Тури подняла взгляд и попыталась понять: он шутит или издевается? Но сегодняшний генерал отличался от вчерашнего. Глаза его смотрели с благосклонностью, на губах лежала улыбка.
Капитан Леор передала ему папку. Тури достаточно было одного взгляда, чтобы узнать ее. Это была папка из книжного шкафа у нее дома. «Но как?» – чуть не сорвалось с языка Тури, но она благоразумно промолчала.
Когда имеешь дело с военной полицией, не стоит ничему удивляться.
– Опасно хранить такие документы у себя дома, доктор Йонаш, – в ответ на ее испуганный взгляд сказал генерал. – Но я рад, что вы нарушили инструкции. Иначе как бы мы узнали правду? – с открытой усмешкой добавил он.
Тури стиснула зубы и попыталась напустить на себя равнодушный вид.
– Представьте себе, как много интересного мы узнали про вашего П-9. Тяжелое детство, двойное убийство, тюремная лечебница… Его отец тоже не производит впечатления уравновешенного человека, если верить полицейскому протоколу. Как вы думаете, болезнь П-9 передалась ему по наследству? – переворачивая листы в папке, спросил генерал.
Тури не выдержала его насмешливого взгляда и отвела глаза в сторону.
– Но самое интересное, – продолжал он, чуть повысив голос, – П-9 – единственный из ваших пациентов, у которого нет в живых никого из родственников. Полагаю, профессор выбрал его именно поэтому? Он думал, что его никто не будет искать?
Не дождавшись ее ответа, генерал сделал знак капитану Леор, и перед ним появилась вторая папка.
– А вот в карте вашего пациента, которую мы получили из архива «Каннон», – он постучал пальцем по папке, – есть весьма любопытная запись. В ней указано, что П-9 скончался в результате неудачных испытаний нового препарата и был кремирован.
Генерал сделал паузу. Тури молчала, уставившись в пространство между столом и полкой.
– Так как же вы объясните тот факт, что ваш П-9 находится сейчас у нас, живой и почти невредимый?

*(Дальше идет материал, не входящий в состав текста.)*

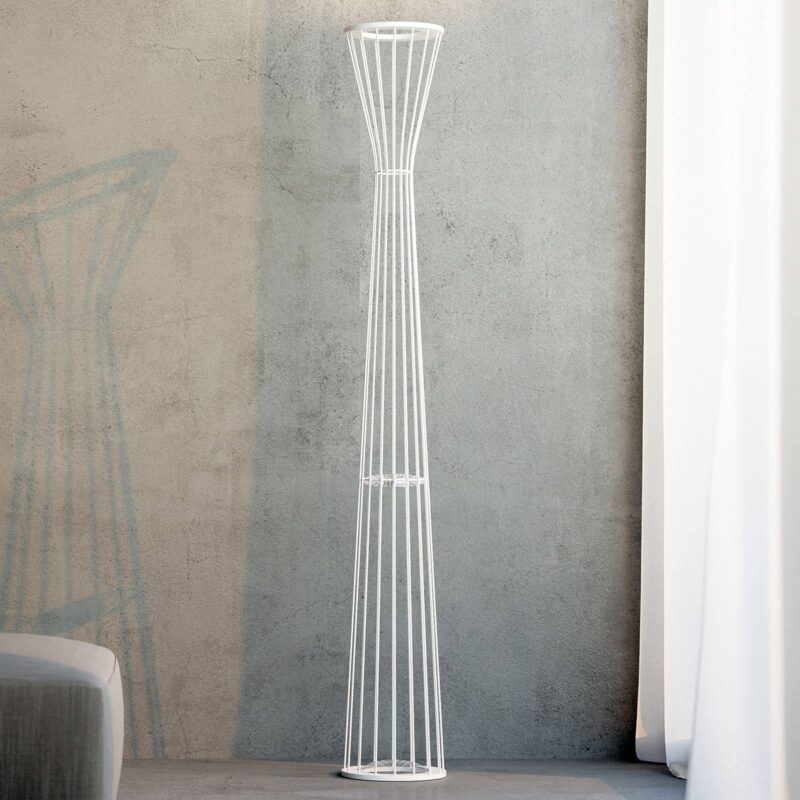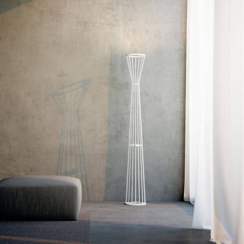 Lightwire F1 – LED dizajnová stojacia lampa s dotykovým stmievačom LED stojacia lampa pozostávajúca z tenkých bielych železných tyčí, ktorú vytvorili dizajnéri Donegani
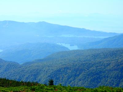 頂上直下から森林限界を超え,頂上に樹木はありませんので,景色は非常に素晴らしく,檜原湖や磐梯山を望むことが出来ました.
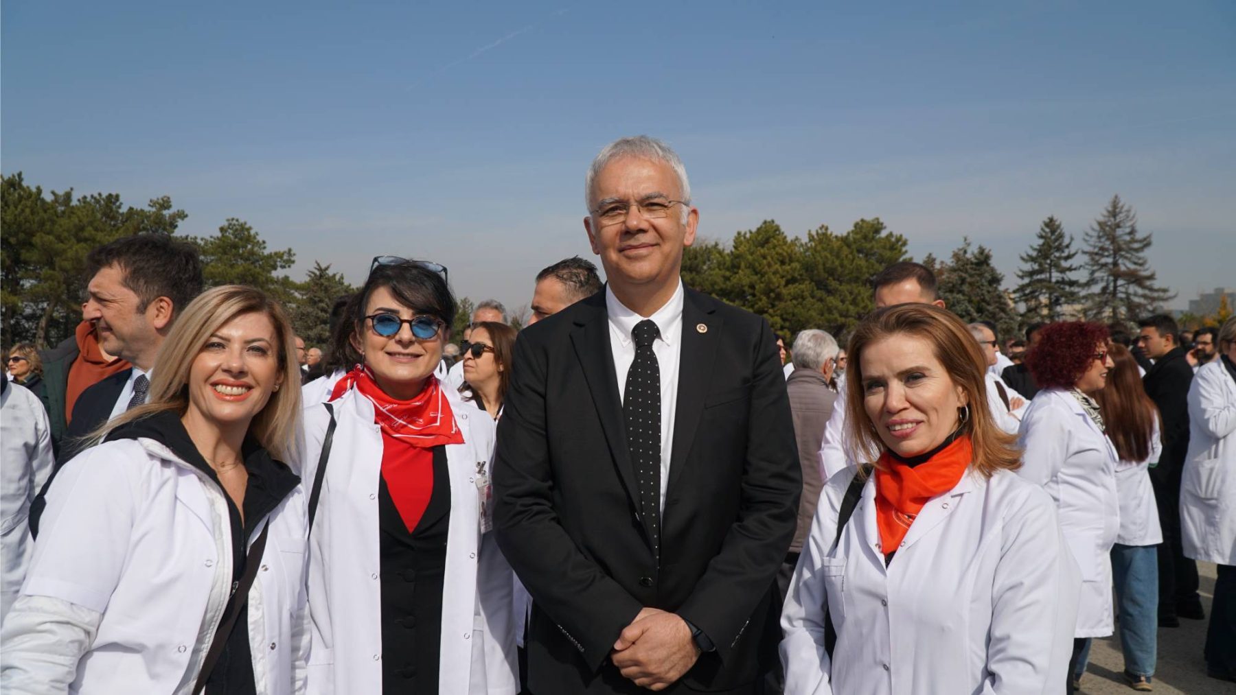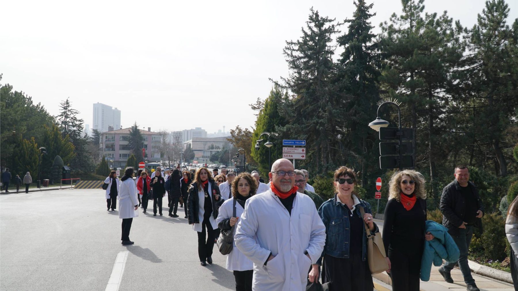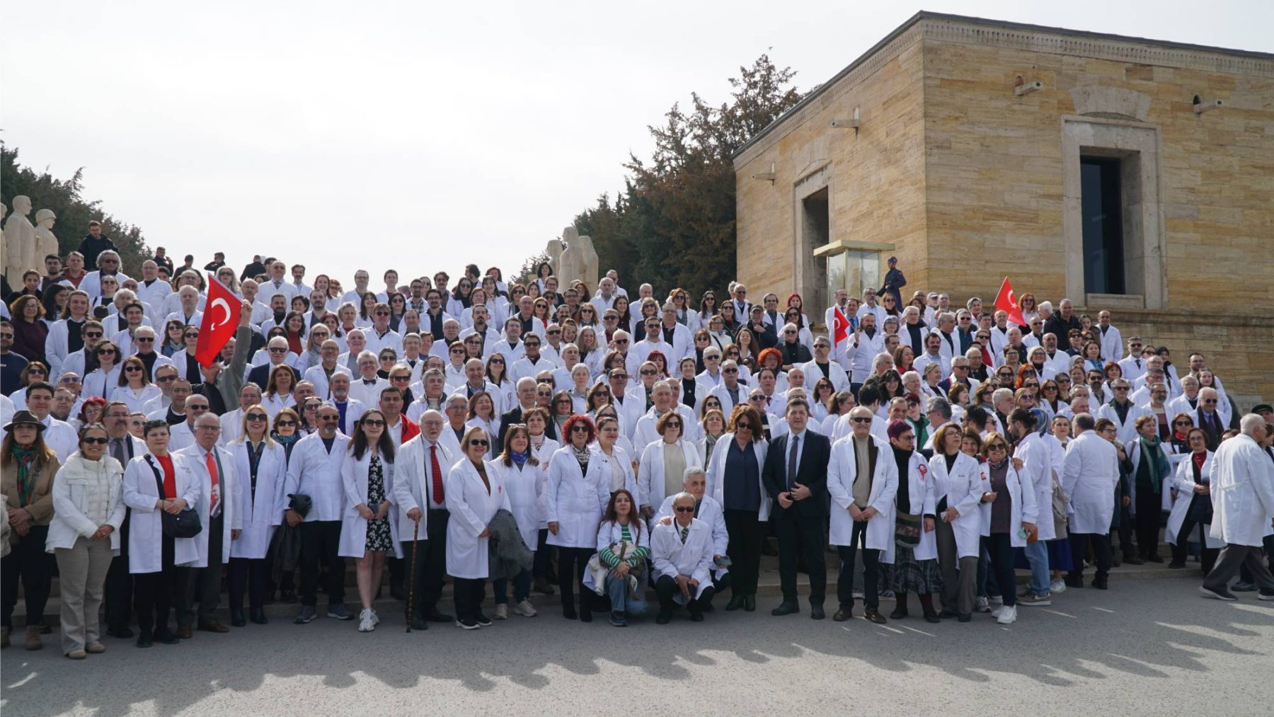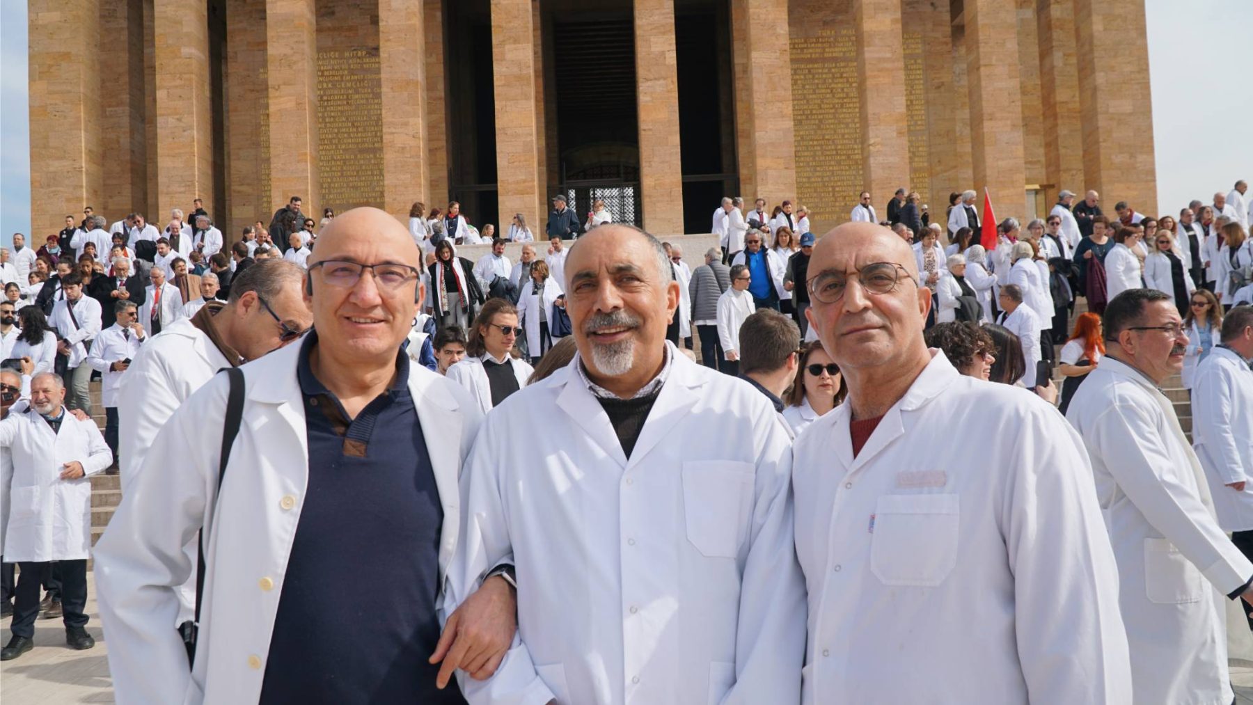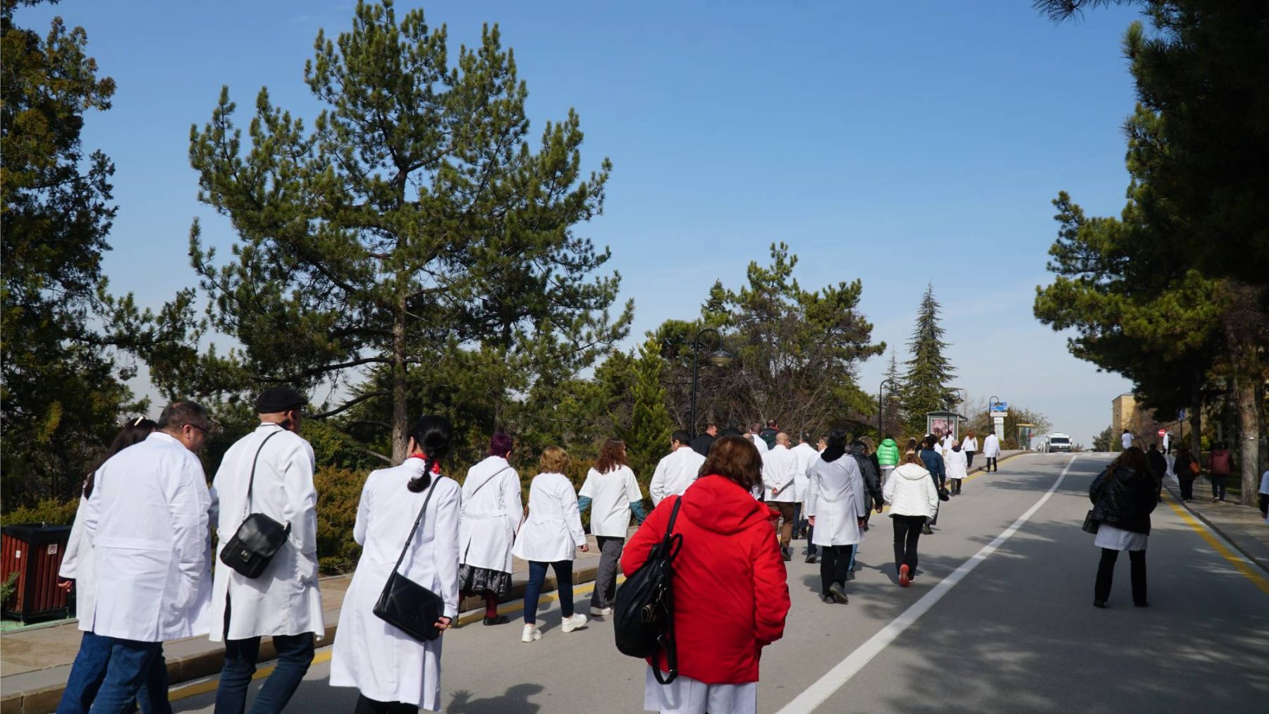 Anıtkabir’deki törenin ardından hekimler, Hacettepe Üniversitesi Tıp Fakültesi önünde bir araya gelerek Abdi İpekçi Parkı’na yürüdü. “İyi hekimlik yapmak istiyoruz” yazılı ana pankartın arkasında tabip odalarının kortejleri sıralandı.

– Мне откуда знать? – огрызнулась она. – Профессор Камура отстранил меня от испытаний.
– Почему?
– Я не знаю! Спросите у него! Он мне ничего не объяснил. Просто отстранил и все!
– Хорошо, но чудесное воскрешение вашего пациента вас лично не удивляет? – прищурился генерал.
Тури опять не ответила. Наученная горьким опытом, она теперь взвешивала каждое свое слово или предпочитала вовсе промолчать.
– Так, может, в этом и состоит открытие профессора? – подсказал генерал. – Он научился возвращать мертвых к жизни?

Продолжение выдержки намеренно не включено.